** Data listing follows **

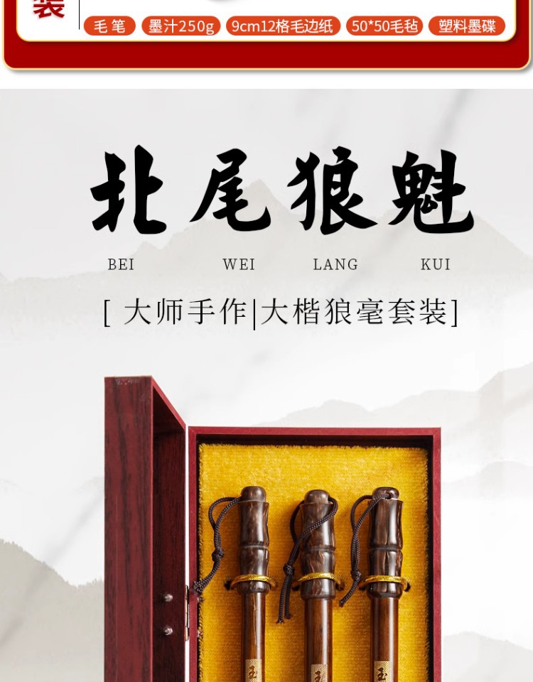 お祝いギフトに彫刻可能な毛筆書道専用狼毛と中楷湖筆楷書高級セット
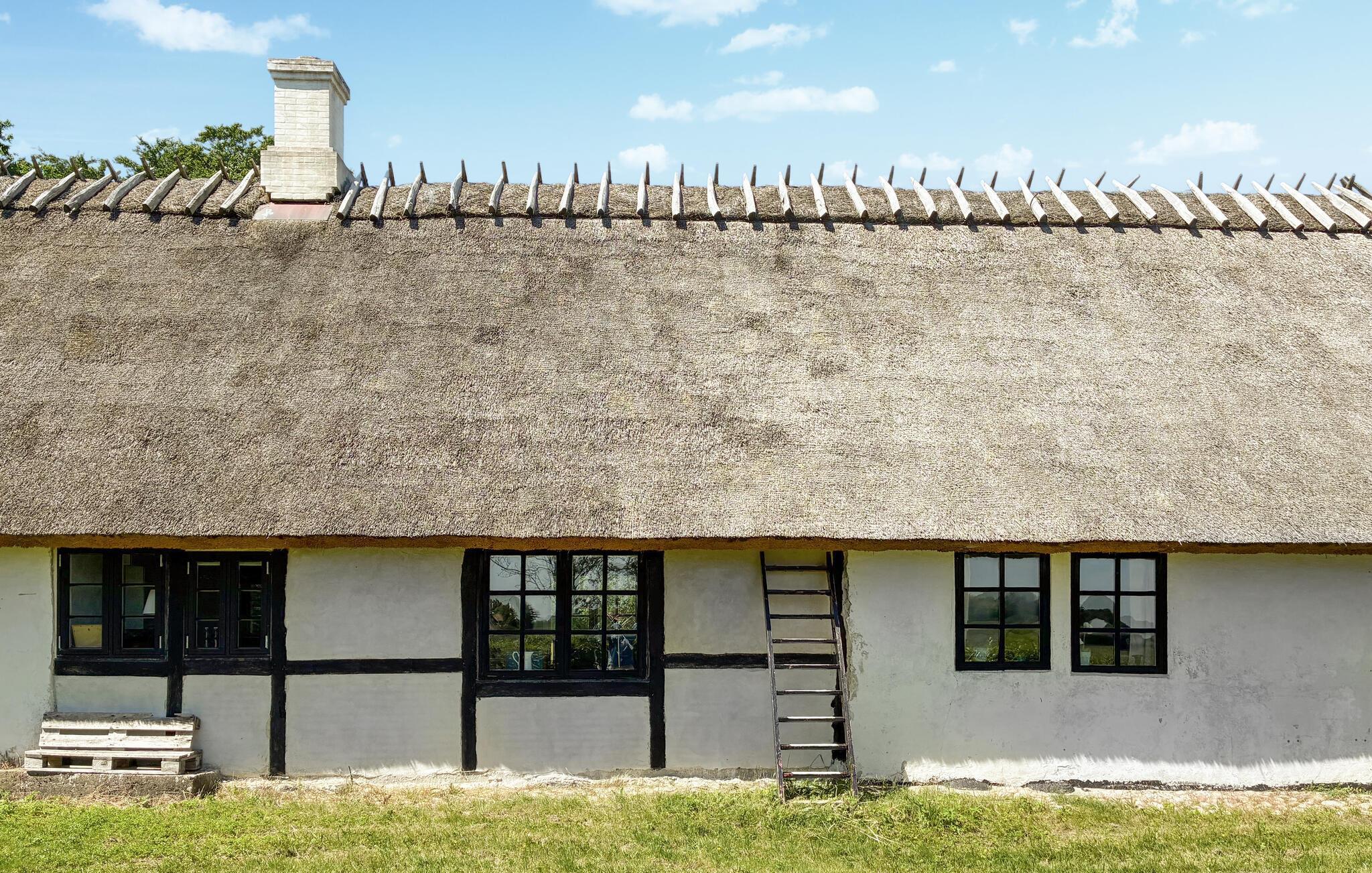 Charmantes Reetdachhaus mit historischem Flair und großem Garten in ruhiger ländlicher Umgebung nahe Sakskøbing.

** End of Data listing **
** Data listing follows **

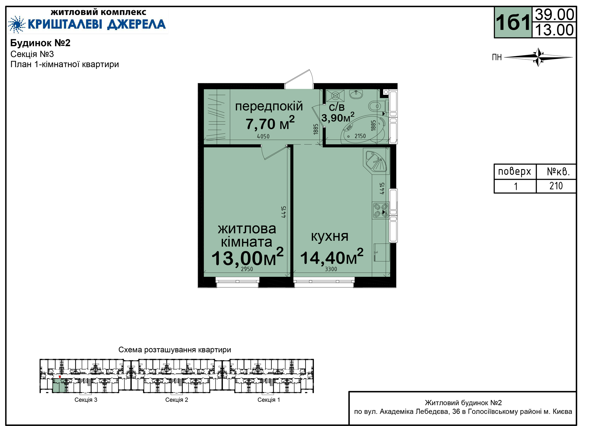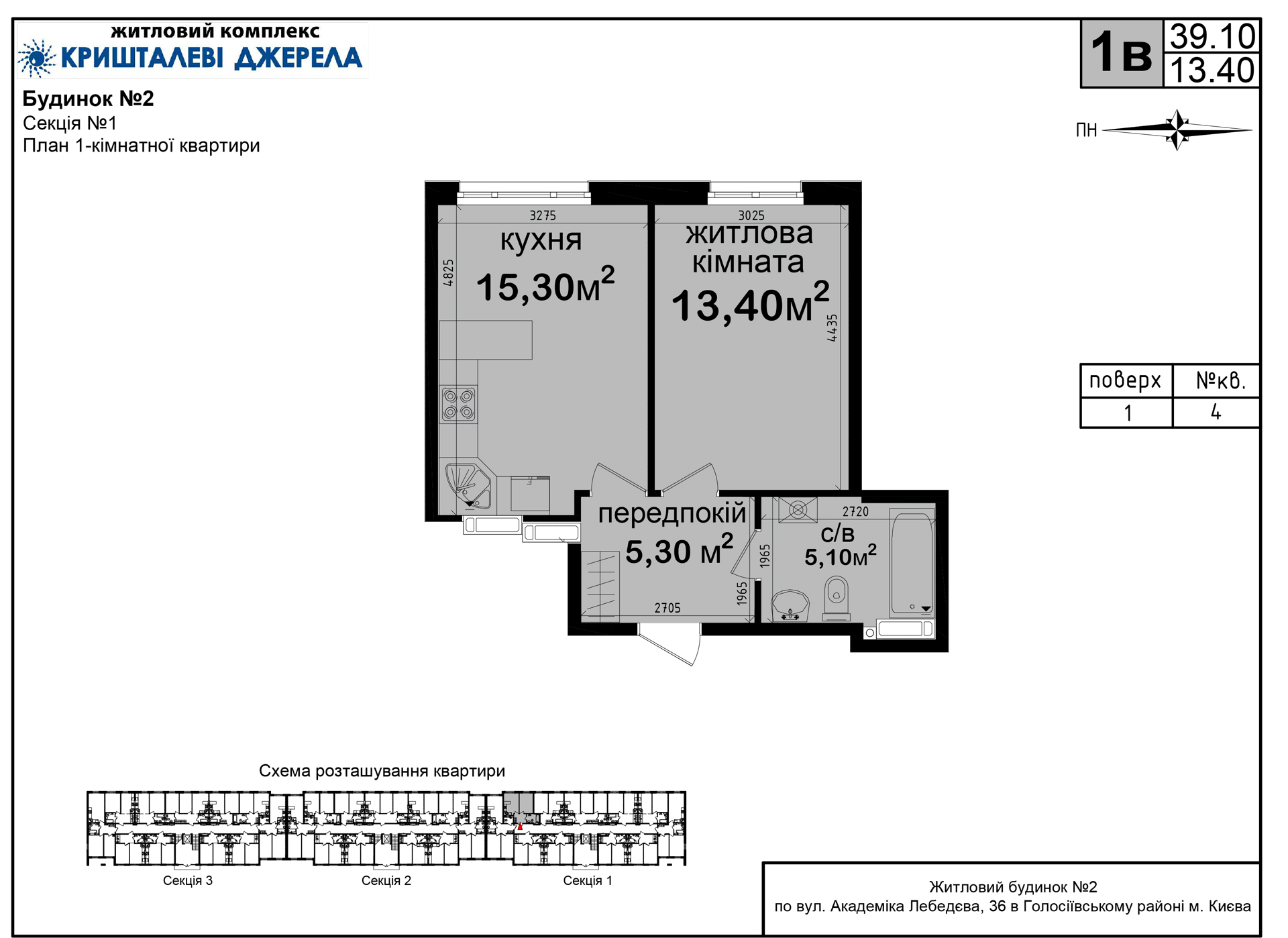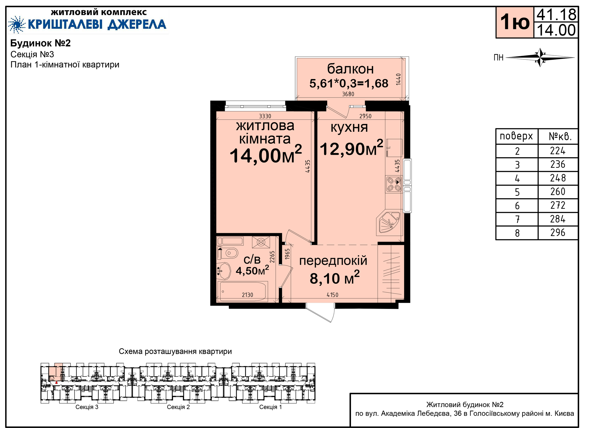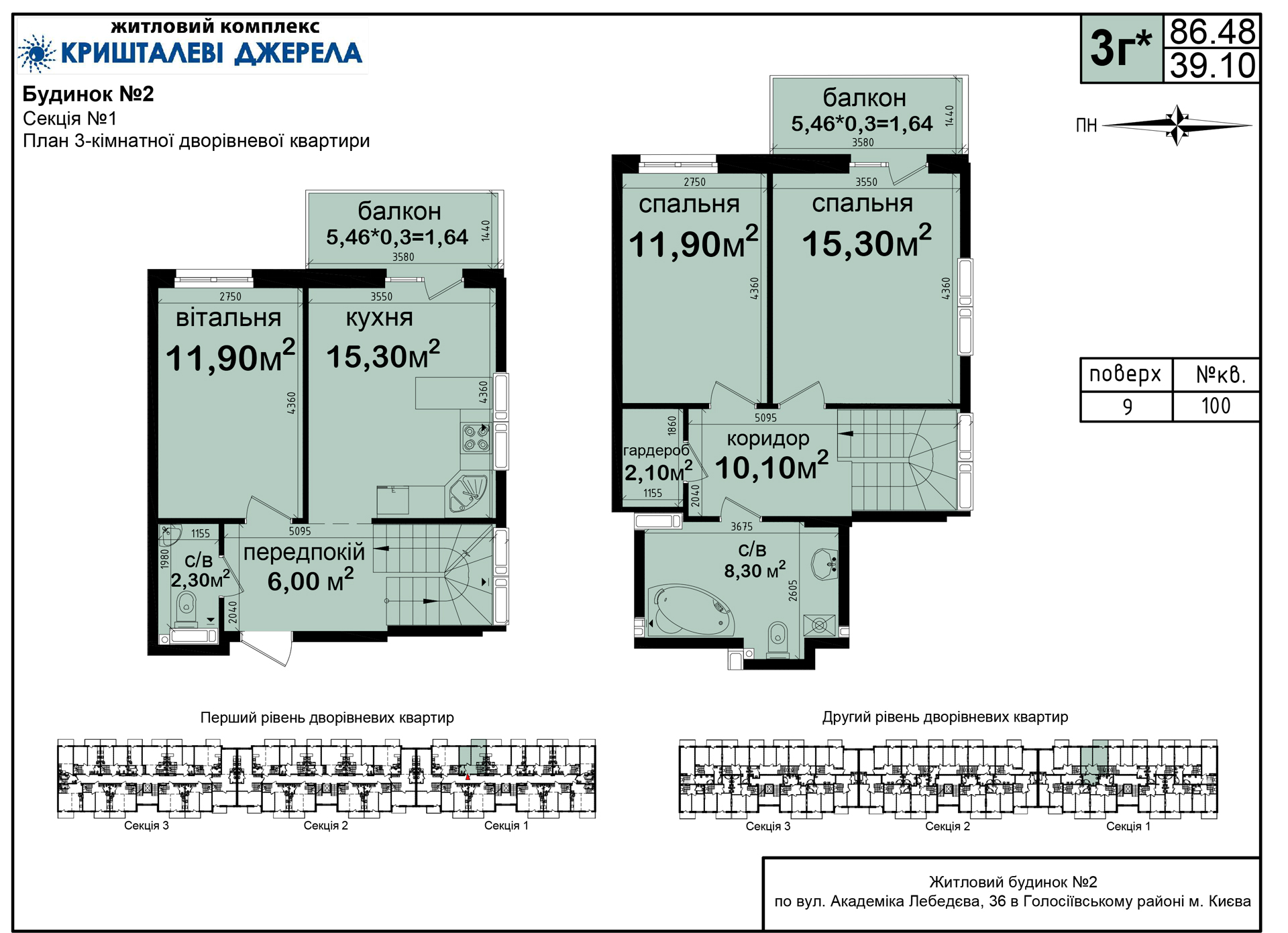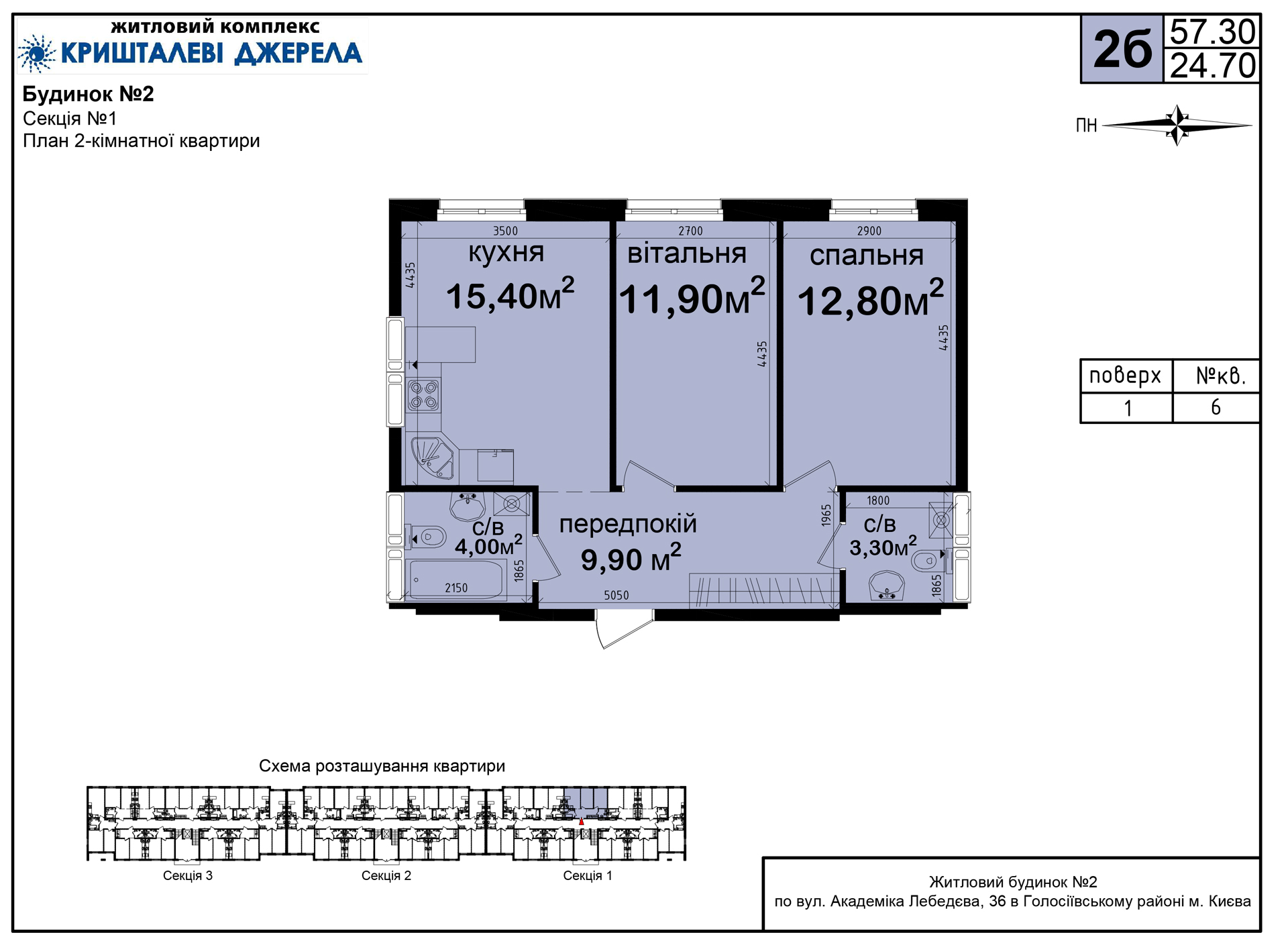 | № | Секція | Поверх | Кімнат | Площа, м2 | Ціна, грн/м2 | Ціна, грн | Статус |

** End of Data listing **

— What you are asked to do —
An exact copy is needed. It runs from the line above containing "お祝いギフトに彫刻可能な毛筆書道専用狼毛と中楷湖筆楷書高級セット" down to the line containing "Charmantes Reetdachhaus mit", both included, with no pictures.

— Answer to this problem —
 お祝いギフトに彫刻可能な毛筆書道専用狼毛と中楷湖筆楷書高級セット
 Charmantes Reetdachhaus mit historischem Flair und großem Garten in ruhiger ländlicher Umgebung nahe Sakskøbing.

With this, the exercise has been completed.